What Open Agentic Commerce Means for Crypto and Web3

Key Takeaways

  • AI agents are structurally immune to advertising, threatening the $740 billion digital ad market
  • Open protocols like x402 (Coinbase) and MPP (Stripe/Tempo) enable permissionless agent-to-merchant commerce via stablecoin micropayments
  • The shift aligns with Web3’s core values of permissionless, interoperable infrastructure, but the timeline for full disruption remains uncertain

Open agentic commerce is inherently permissionless and interoperable, values it shares with the Web3 ecosystem. The x402 and MPP protocols settle transactions in stablecoins on public blockchains, making crypto rails a foundational layer rather than an optional add-on.

On-chain identity and smart contracts could serve as trust infrastructure for autonomous agent transactions. An agent verifying a merchant through an on-chain reputation score or executing a purchase via a smart contract escrow eliminates the need for centralized intermediaries. As crypto payment infrastructure expands globally, these rails become increasingly viable for cross-border agentic commerce.
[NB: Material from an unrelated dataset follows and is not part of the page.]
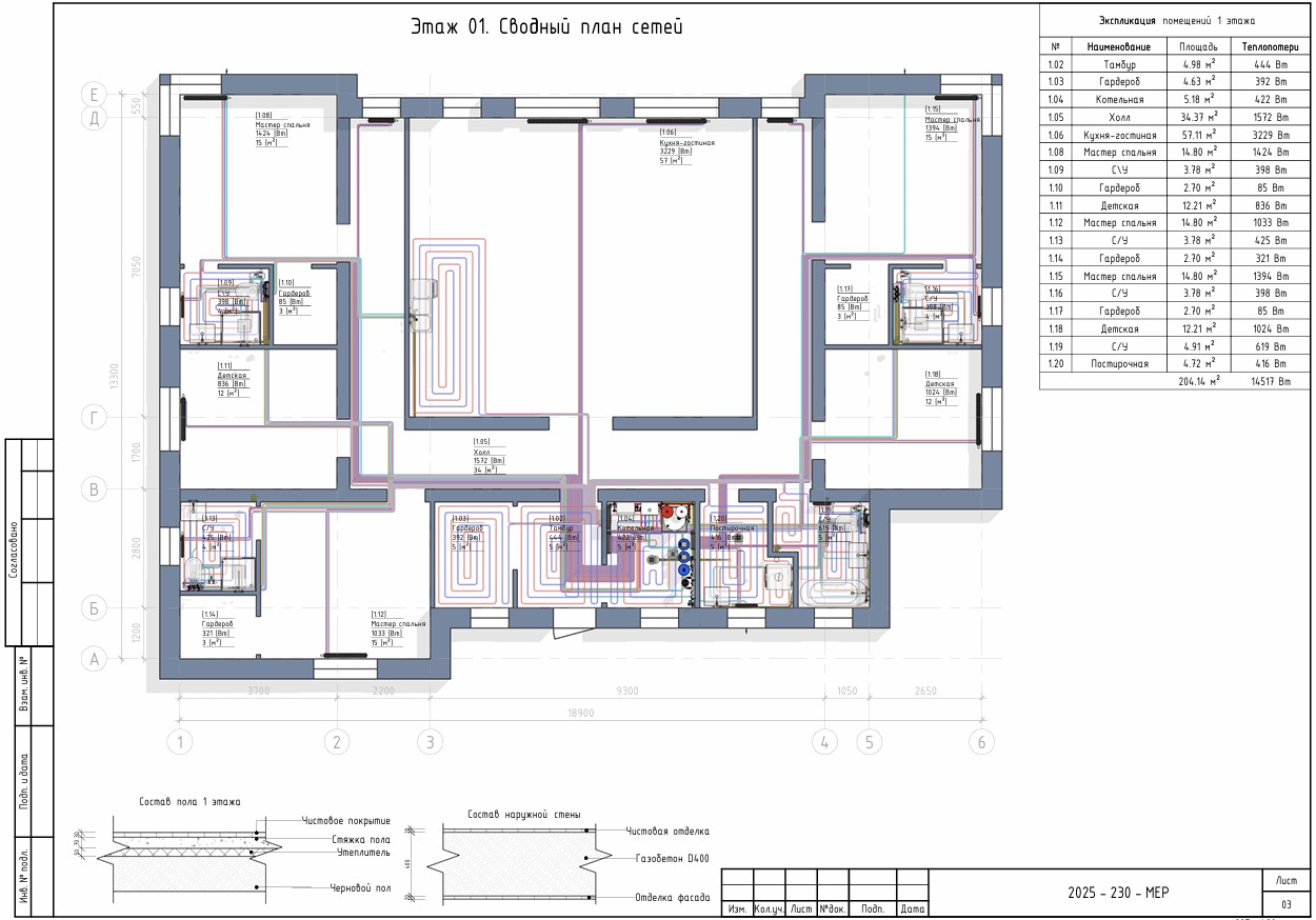 Проект отопления учитывает всё оборудование и материалы до каждого отдельного фитинга. Вы не оплатите ничего лишнего.
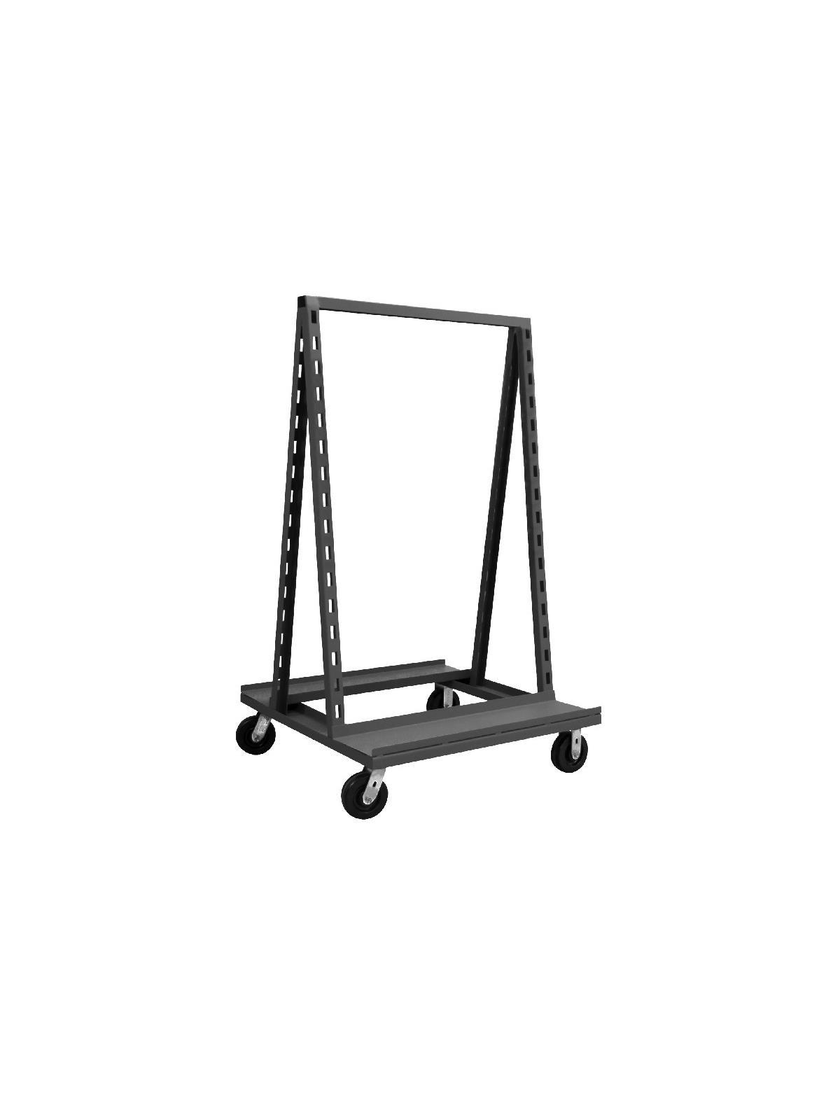 Keep parts, tools, supplies and packages right at the assembly line or work center. Heavy-duty all-steel construction. Base is 1-1/2" x 1/8" angle iron with 11 ga. steel formed upright channels punched on 3-1/2" centers. Easy rolling on bolt on 6" x 2" phenolic casters, 2 rigid, 2 swivel. Finished in durable Gray powder coat finish. Shipped fully assembled and ready for use. FOB Shipping Point.

For the NFT and tokenized asset space, the implications are worth watching. NFT-gated access could function as an authentication layer, where agents hold token credentials that unlock premium merchant APIs or exclusive pricing tiers. Tokenized commerce, where product rights or service access exist as on-chain assets, fits naturally into an agentic stack where agents need machine-readable proof of ownership.

The timeline remains the weakest part of the thesis. No credible forecast pins when agentic commerce will meaningfully erode ad revenue at scale. Some analysts argue the shift will be evolutionary rather than revolutionary, with agentic advertising adapting alongside agentic commerce rather than being displaced by it. Ragsdale’s AOL analogy is compelling but imperfect; the advertising industry has proven more adaptable than early internet walled gardens.
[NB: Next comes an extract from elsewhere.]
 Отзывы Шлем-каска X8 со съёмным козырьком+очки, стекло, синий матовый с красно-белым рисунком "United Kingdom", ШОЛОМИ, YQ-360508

What is clear: the protocols are being built, the funding is flowing, and the early adoption data points in one direction. Whether open agentic commerce ends online ads or merely reshapes them, the crypto ecosystem is positioned as core infrastructure for whatever comes next.

Disclaimer: This article is for informational purposes only and does not constitute financial or investment advice. Cryptocurrency and digital asset markets carry significant risk. Always do your own research before making decisions.